Don’t worry too much if you couldn’t follow the above, here is an example that illustrates the strength of the theorem, in this case resulting in a surprising conclusion.
Suppose that a certain cancer has an incidence of one in a hundred, so the prior probability [p] that you have it is 1%. Suppose further that a new test for cancer has been developed, and has an accuracy of 99%. If you are unfortunate enough to test positive, an unsettling piece of information we can designate [I], what is the posterior probability [p’] that you really do have cancer? How much should you worry?
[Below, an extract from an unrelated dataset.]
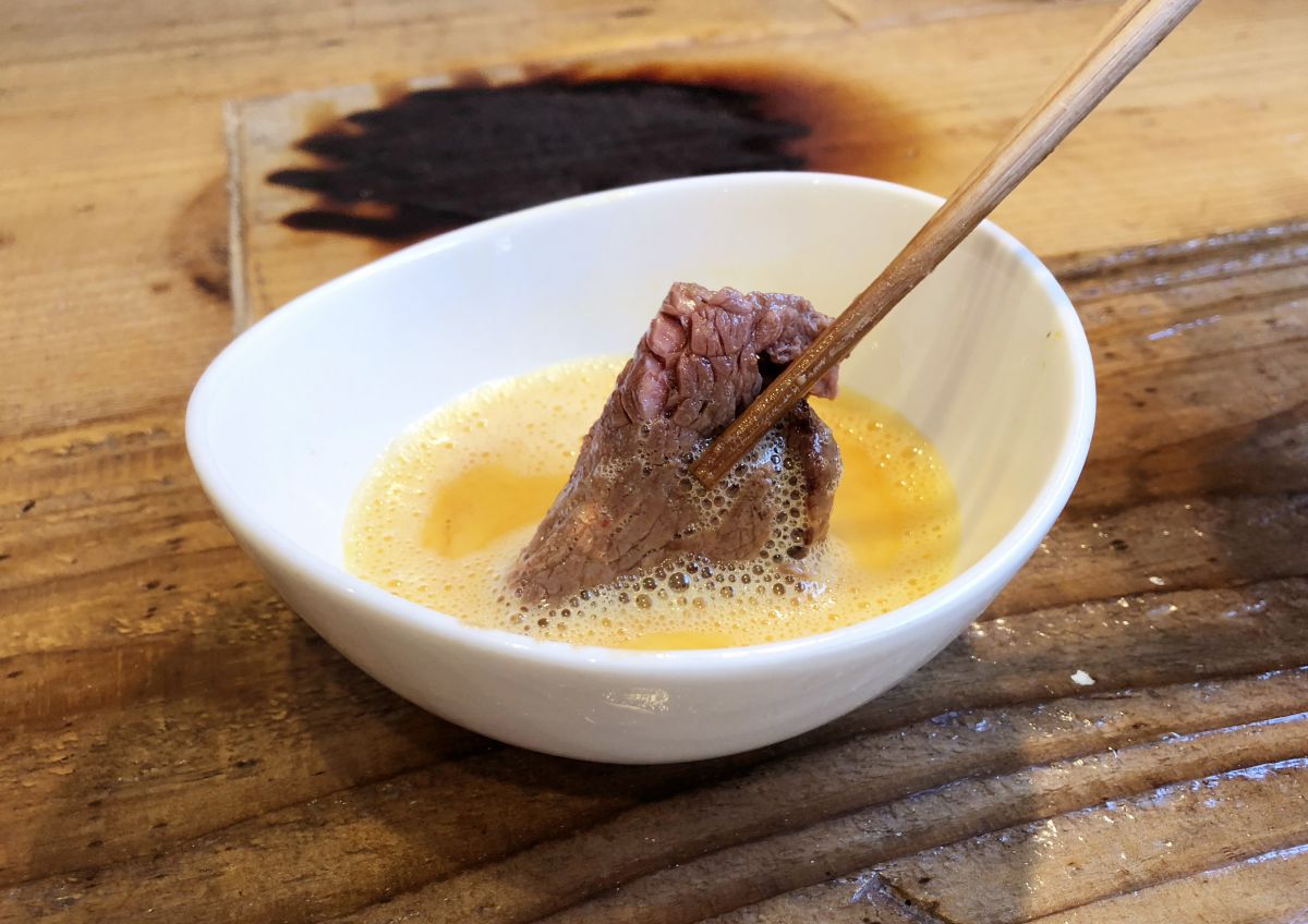 お肉はオリジナルのフルーツベースのタレにつけてから、さらに卵につけて食べるのもおすすめ!「幸せのタマゴ」という二黄卵の卵なので、量もたっぷりです。

The unexpected answer can be derived by use of Bayes’ theorem.
The number labelled [p(C¦I)] is the likelihood that if you really had cancer, the test result would be positive. Since the test is so good, that probability is very high, so we set [p(C¦I)] at approximately equal to one. Now for the last element, [p(I)]. Out of a hundred people, one is expected to have cancer, and would probably test positive, while approximately one other healthy person, will give a ‘false positive’ because the test errs once in one hundred cases.
Therefore, on average two people in a hundred will test positive. This means that when you take the test you can expect a 2% chance of a positive test outcome. The multiplying factor in Bayes’ theorem is therefore approximately [p(C¦I)/p(I) = 1/(2%)]. The probability that you are really ill, calculated as the prior probability times the Bayes factor is [px = p(C¦I)/p(I) = (1%)/(2%) = 1/2]. The chance that you are ill is just 50% – or should that be the chance you are well is 50%, even though the test, which was inferred to be virtually infallible, was positive! If this is extended to a sample of 10,000 people in which 99 have cancer, 198 people will be told they have cancer.
OK, aside from a few engineers and scientists, most of us shouldn’t need to turn to Bayes that often! However, we do need to have a good handle on the concept of ‘rational probabilities’ not only so we can believe in our own work – even when based upon little more than guesses, but also so to be able to defend their use in our risk assessment studies. It is reassuring to know that guesses – albeit considered guesses – can also have a sound mathematical basis!